- Secretary: Sharad Patil
- Founded: 1978
- Ideology: Marxism Phule thought Ambedkarism
- Alliance: Left Democratic Front (Maharashtra)

= Satyashodhak Communist Party =

The Satyashodhak Communist Party is a political party in the state of Maharashtra, India. The party was founded by Comrade Sharad Patil, who as of 2009 still serves as its General Secretary. The party bases its political philosophy on the thinking of Karl Marx, B. R. Ambedkar and Jyotirao Phule.

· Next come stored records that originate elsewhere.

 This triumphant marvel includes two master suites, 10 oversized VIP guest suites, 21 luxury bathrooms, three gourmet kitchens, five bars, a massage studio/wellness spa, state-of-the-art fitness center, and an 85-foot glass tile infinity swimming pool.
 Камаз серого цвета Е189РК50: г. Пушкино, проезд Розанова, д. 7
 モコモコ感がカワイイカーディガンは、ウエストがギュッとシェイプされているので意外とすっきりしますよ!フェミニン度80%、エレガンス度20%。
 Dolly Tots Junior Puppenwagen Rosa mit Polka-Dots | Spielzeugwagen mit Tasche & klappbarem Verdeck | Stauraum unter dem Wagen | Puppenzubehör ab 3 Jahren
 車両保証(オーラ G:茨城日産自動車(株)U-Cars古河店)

Patil had been an organizer of the Communist Party of India (Marxist) in the Dhule district. He developed his ideological thesis of 'Marxism-Phule-Ambedkarism', and in 1978 he broke with the CPI(M) and founded the Satyashodhak Communist Party. The party was named after Phule's Satyashodhak Samaj. Patil called for the building of an alliance between Dalits and Other Backward Castes, especially amongst the peasantry. The main base of the movement at the time of its foundation was limited to two Adivasi talukas in Dhule district, but Patil's rhetoric won an audience across the state and played an influential formulating a popular understanding of class-caste relations in rural areas. He relied heavily on motifs from classical Indian literature during speaking tours of rural areas.

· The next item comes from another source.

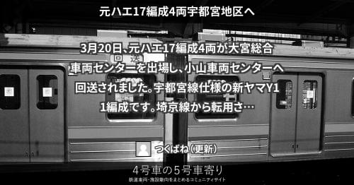 205系(東) 元ハエ17編成4両宇都宮地区へ 3月20日、元ハエ17編成4両が大宮総合車両センターを出場し、小山車両センターへ回送されました。宇都宮線仕様の新ヤマY11編成です。 埼京線から転用された205系600番台ですが、便宜上「京葉線の世代交代」に反映しています。 2014/03/20 つくばね 205系(東)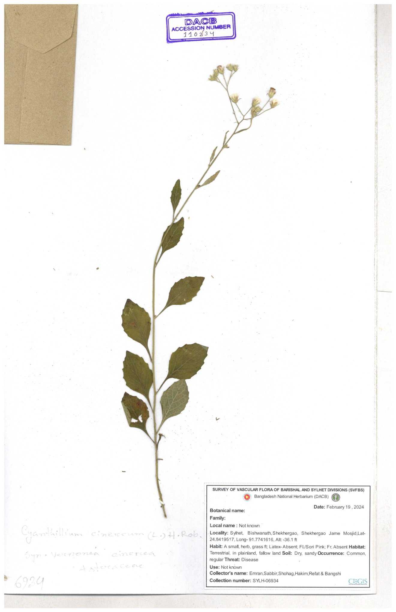 | 58615 | Sterculiaceae | Pterospermum semisagittatum Blanco | Niyamul Kabir, Jahid Hasan, Md. Moniruzzaman, Mehedi Hasan | NK-1624 15-11-2016 |

In the early 1980s, the party added 'ending women's slavery' to its programme for Democratic Revolution.

Ahead of the April 2009 Lok Sabha election, the party joined the CPI(M)-led Left Democratic Front.

In August 2009, in the run-up to the Maharashtra Legislative Assembly election, the party took part in founding the Republican Left Democratic Front popularly known as RIDALOS, a broad coalition of political parties in Maharashtra.